A Distinction that needs to be known

    Surjeet Singh

    One of the hotly debated question from the beginning of Economics is, why some nations are rich and some are poor? This is same as saying, why there exist a difference between nations in terms of poverty, inequality, and prosperity? Economic-growth theorist has a variety of points on this. Some say, there exist a difference between nations because of the economic policies pursued by them. According to them, rich nations are rich because they have adopted the growth-enhancing economic policies. If so, then what are these economic growth-enhancing policies? Economic growth enhancing policies includes the whole bunch of policies e.g. demand and supply side policies, tax policies, wage-rate policies, investment policies, and R&D policies.

    On the other side some say, differences in the economic and political institutions are the main reason behind the differences in nations.
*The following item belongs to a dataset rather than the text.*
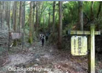
Old Tokaido Highway
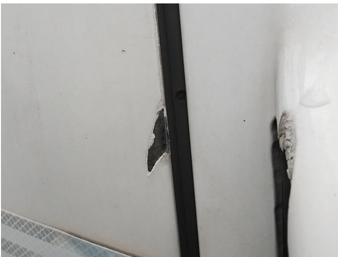
7: Door osf Chipped Over 5mm

The institutional difference means different laws and regulation, different political system etc. Some studies have found that growth and quality of the institution are positively correlated. There exist a huge set of literature that focused on the relationship between growth and institutions; see e.g. Rodrik and Wacziarg (2005), Barro (1996), Persson and Tabellini (2006), Nannicini and Ricciuti (2010).

    Then the question arises what are economic and political institutions? Before answering this, we must understand that there exist a difference between economic and political institution. Douglass North said, “Institutions are the rules of the game in a society or, more formally, are the humanly devised constraints that shape human interaction”. Economic institutions mean economic rules of the game (banking system, enforcement of property rights, contracting institutions, patent law, commercial law, type of credit arrangements etc.), whereas political institutions mean political rules of the game (electoral laws, democracy versus dictatorship, constitution, the number of veto players etc.). According to Daron Acemoglu (2005) political institutions “Set the stage” in which economic institutions can be devised and economic policies implemented.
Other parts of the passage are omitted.